The Philippines Breastmilk Substitute/Supplement Marketing Framework Violates WTO Law (Part 1 of 2)

by Lawrence Kogan

This article has been divided into two parts. Part 1 will analyze these restrictions under the terms of the Technical Barriers to Trade ("TBT") Agreement, focusing on how the the Philippine breastmilk substitute and breastmilk supplement marketing framework ("PH BMS Framework")'s non-food safety-related marketing, labeling and trademark-use restrictions are more trade-restrictive and trademark-encumbering than necessary to achieve legitimate public policy objectives, considering the risks nonfulfillment would create. Part 2 will analyze them under the terms of the Trade-Related Aspects of Intellectual Property Rights ("TRIPS") Agreement.
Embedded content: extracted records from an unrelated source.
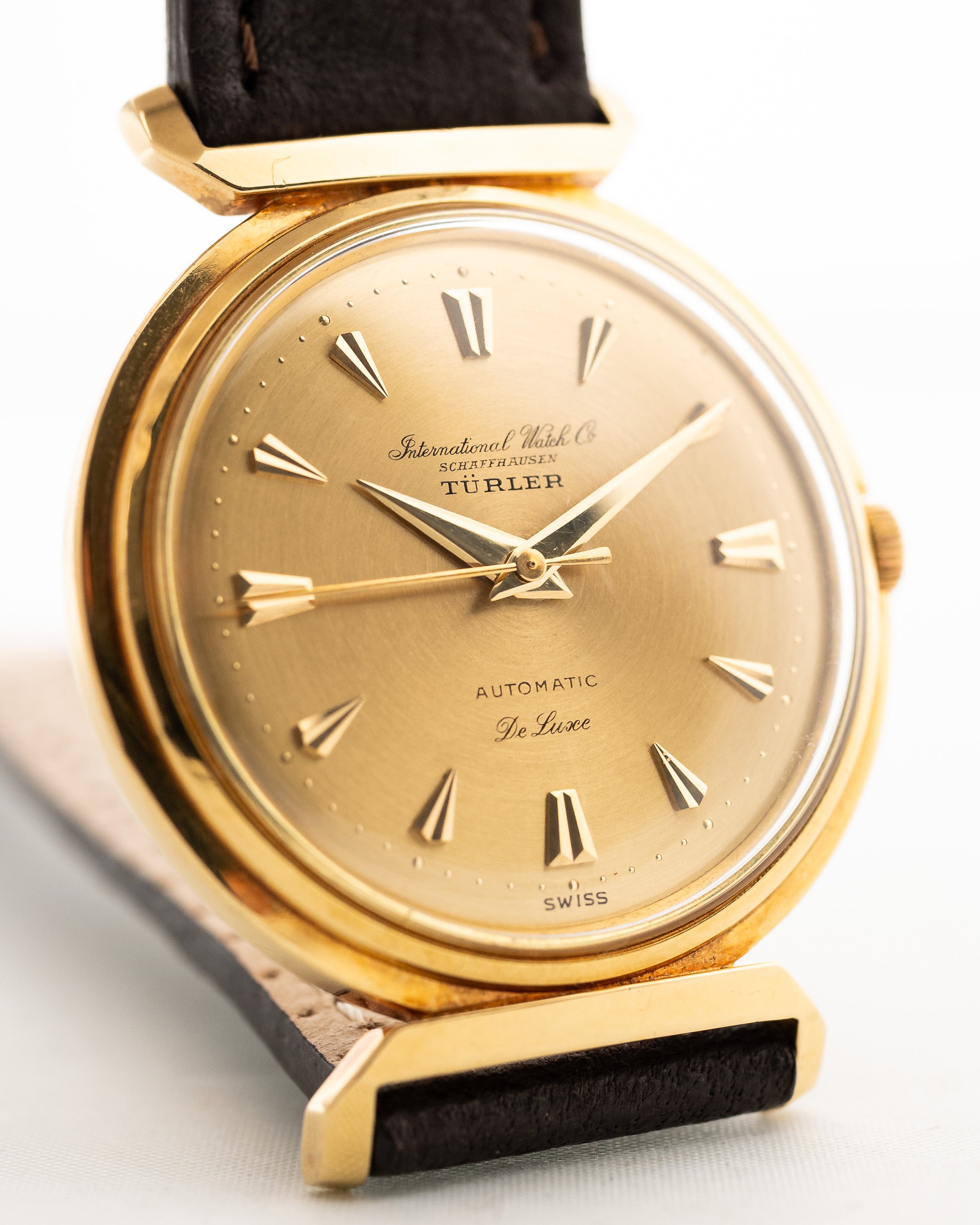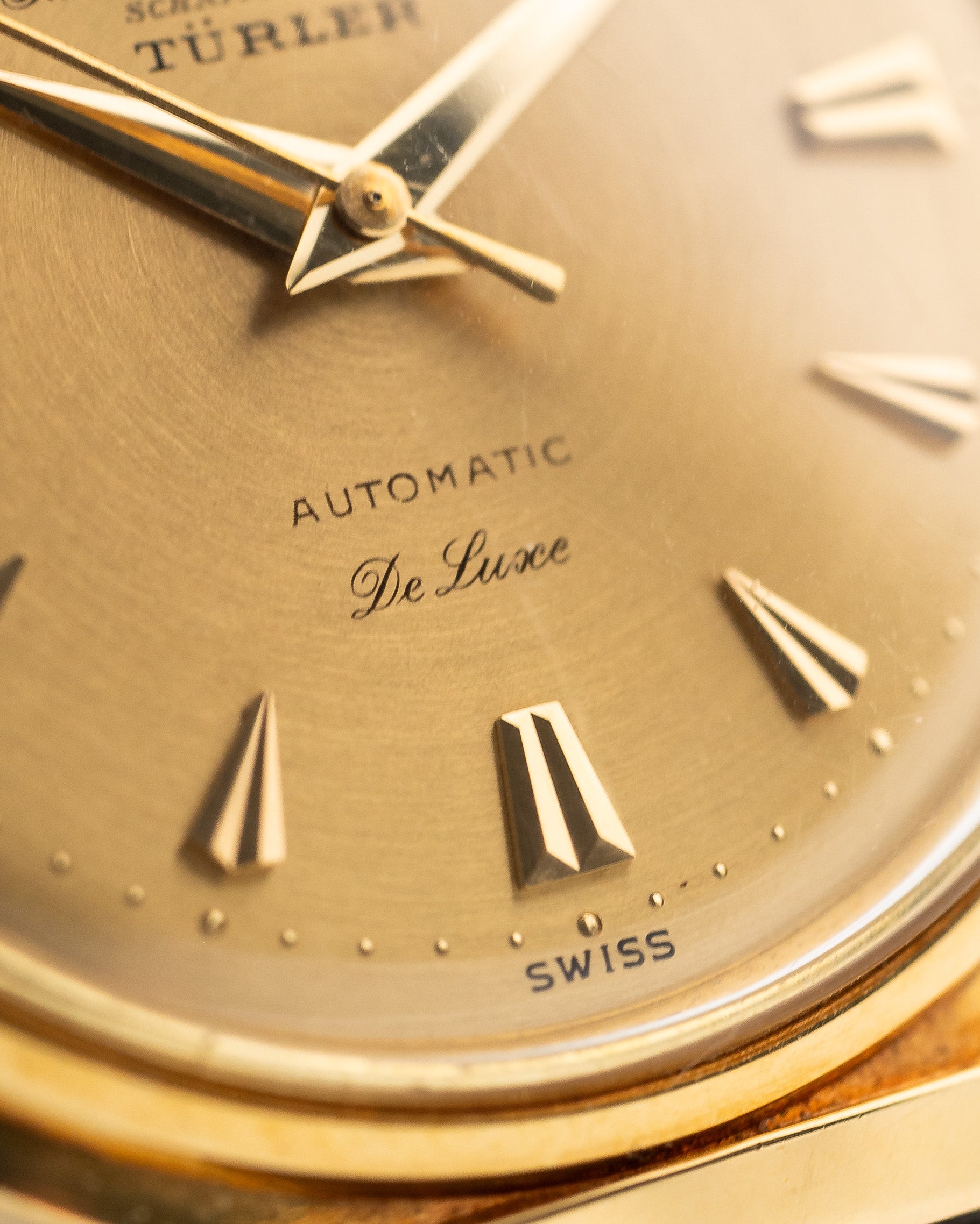 La caja, también de oro macizo de 18 quilates, presenta un bisel ligeramente escalonado que añade aún más carácter a esta belleza. Lo que hace que este modelo en particular sea aún más deseable es el doble signo "Türler", que nos está diciendo que fue vendido por el joyero "Türler" en primer lugar.
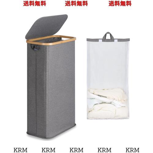 洗濯かご ランドリーバスケット 洗濯かご 折りたたみ スリムランドリーバスケット容量63L フタ付き 竹製フレーム 折りたためる 防水 洗濯
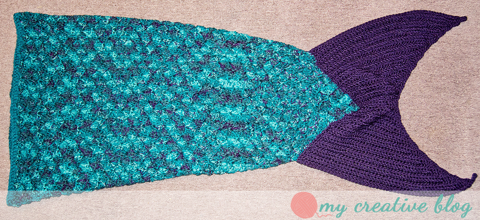 This is my take on the mermaid tail blanket. Since I have no daughters, I had to make one for myself. I was going to attempt one in the crocodile stitch, but since I wanted to complete it over the Christmas holiday break, I decided to go for a simpler design that still had some texture to it. I opted for the design by YARNutopia By Nadia Fuad which uses shells, and I modified it slightly to make it double-stranded. I also modified the fin from the Emma-Noel Mermaid Tail to make it double-stranded. I like it double-stranded because it makes the blanket feel even more cushy and warm, although, it uses a lot of yarn this way.
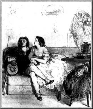 Художник и девушка, сидящие на софе. Б. г. Литография
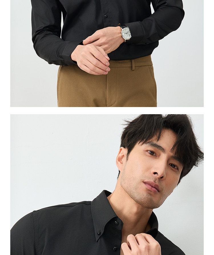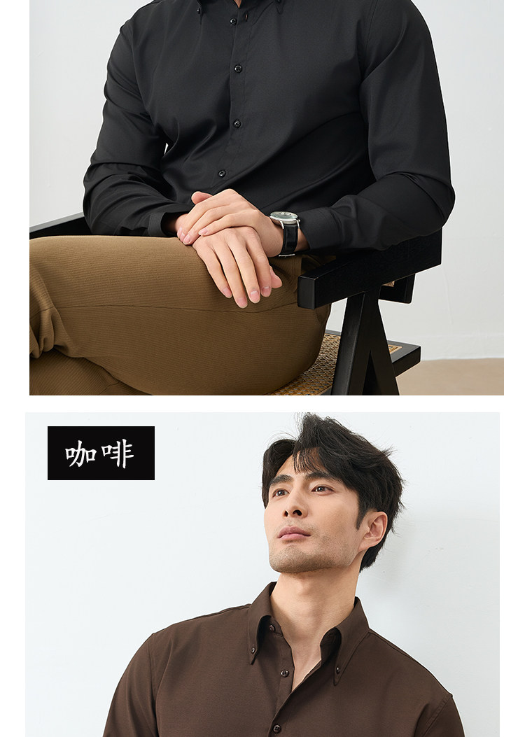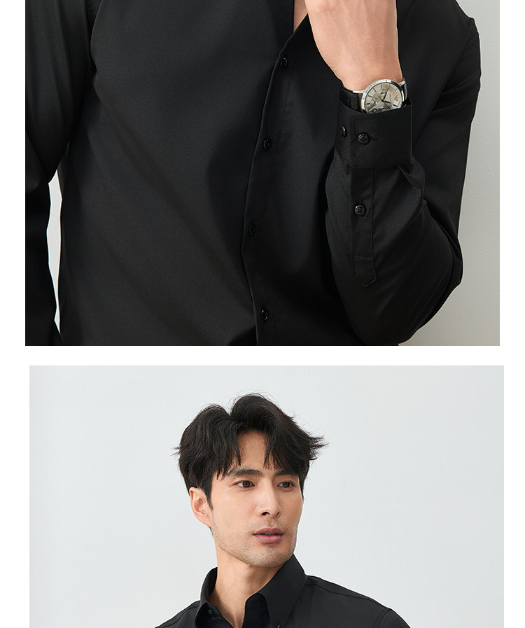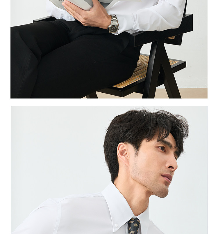 Men's Commuter Casual Long-Sleeved White Shirt British Gentleman French Button Large Pointed Collar Wrinkle-Resistant Slim-Fit Shirt Trendy Men
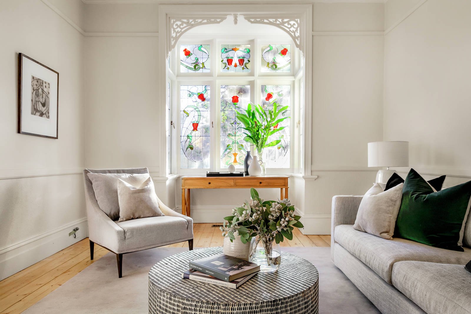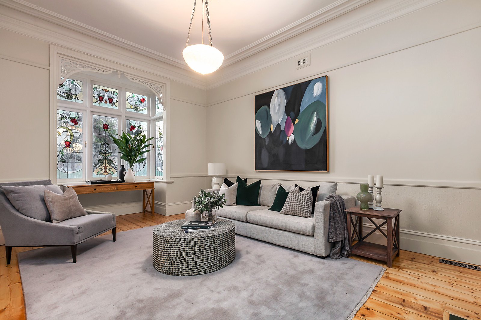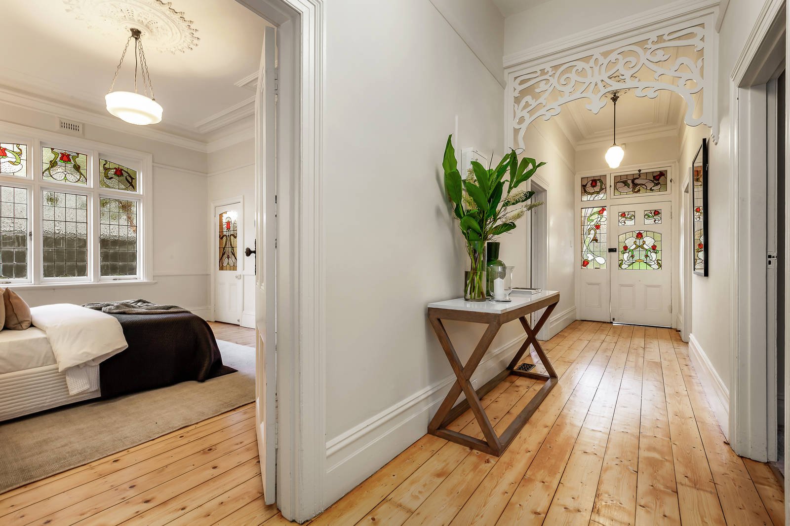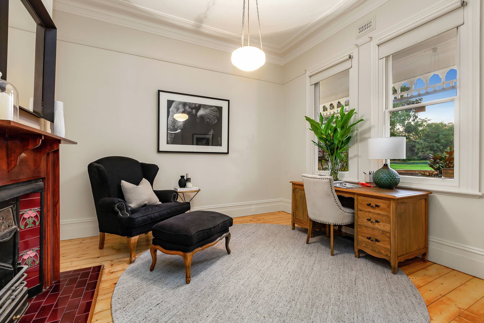 Decorative timber fretwork, open fireplaces, exquisite leadlight windows, ornate ceilings and Baltic pine floors highlight the period charm of the home. The wide central hall leads through to the elegant formal rooms, expansive familyroom, well-appointed granite kitchen and family dining area opening out to the private leafy northeast garden and pool with an abundance of accommodation that includes 5 bedrooms, 2 studies and 2 bathrooms.
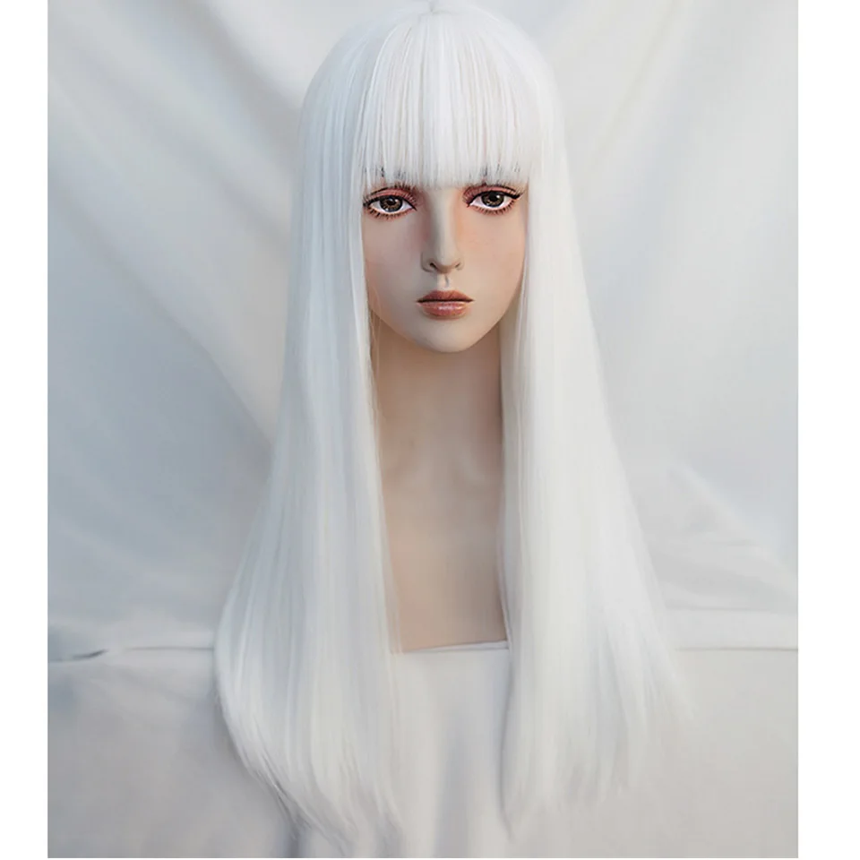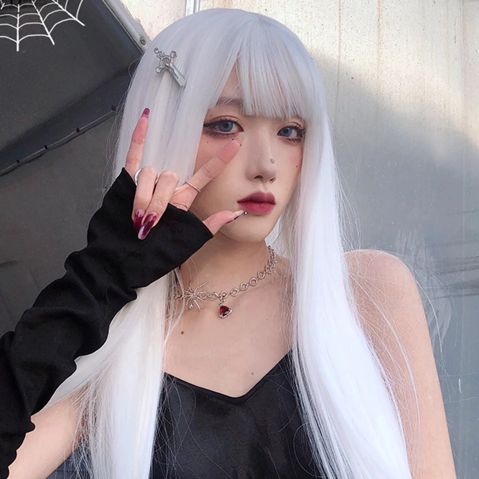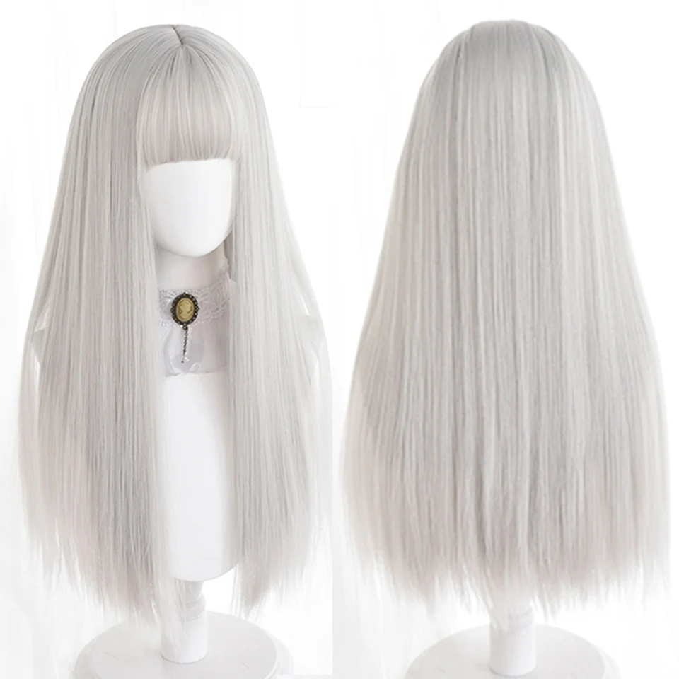Синтетический парик HOUYAN с длинными прямыми волосами, серебристые, белые, черные челки, парик для косплея, парик Лолиты, термостойкий парик для вечеринки
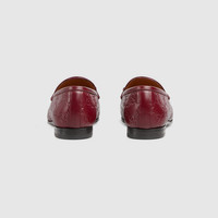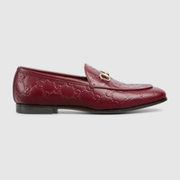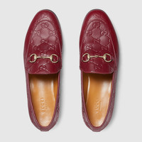 The Jordaan loafer with Horsebit, representative of Gucci heritage, speaks of classic elegance. This model boasts the Maison’s iconic monogram leather, a timeless emblem of distinction. With its supple materials and refined, streamlined silhouette, this shoe is the ultimate statement of everyday elegance. - Gucci Rosso Ancora red GG leather - Women's - Light gold-toned hardware - Leather lining - Horsebit - Leather sole - Flat - 0.5" heel - Made in Italy
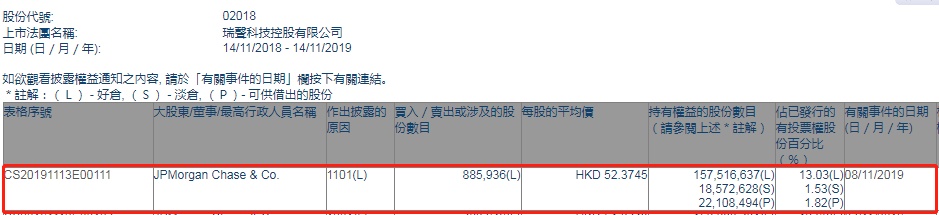 智通财经APP获悉,联交所最新资料显示,11月8日,摩根大通增持瑞声科技(02018)88.5936万股,每股作价52.3745港元,总金额约为4640.05万港元。增持后最新持股数目约为1.58亿股,最新持股比例为13.03%。
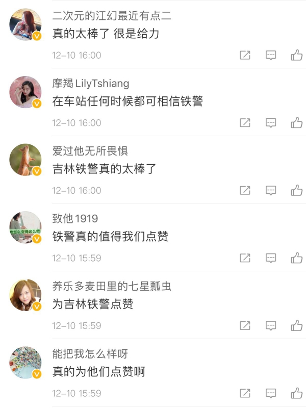 网友“养乐多麦田里的七星瓢虫”:“为吉林铁警点赞!”
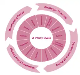 Una forma de hacerlo sigue un modelo heurístico llamado ciclo de políticas . En su forma más simple, el ciclo de políticas, que a menudo se representa visualmente como un bucle o círculo, comienza con la identificación del problema, continúa con un examen de las diferentes herramientas de políticas que podrían usarse para responder a ese problema, y luego continúa a la etapa de implementación, en la que una o más políticas se ponen en práctica (por ejemplo, se establece una nueva regulación o subvención). Finalmente, una vez que se ha implementado y ejecutado durante un período determinado, la política se evalúa. Se pueden utilizar varios puntos de vista diferentes durante la evaluación, incluida la observación de la efectividad, rentabilidad, relación costo-beneficio, resultados o productos de una política.

Part 2 discusses how the Framework's restrictions on the use of trademarks, logos and brand names violate the WTO TRIPS (Trade-Related Intellectual Property) Agreement.


I. Introduction:

The Republic of "[t]he Philippines has fervently advocated for the implementation of the [World Health Organization ("WHO")] International Code of Marketing of Breast milk Substitutes" ("WHO Code") as national law, and has thereby "become an example internationally". "[T]he Philippine Government [has also endeavored] to increase breastfeeding rates (with the support of WHO, United Nations Children's Fund [("UNICEF")] and nongovernmental organizations) including [through] development and implementation of a national policy and plan of action on Infant and Young Child Feeding [("IYCF")] promote breastfeeding counselling in communities."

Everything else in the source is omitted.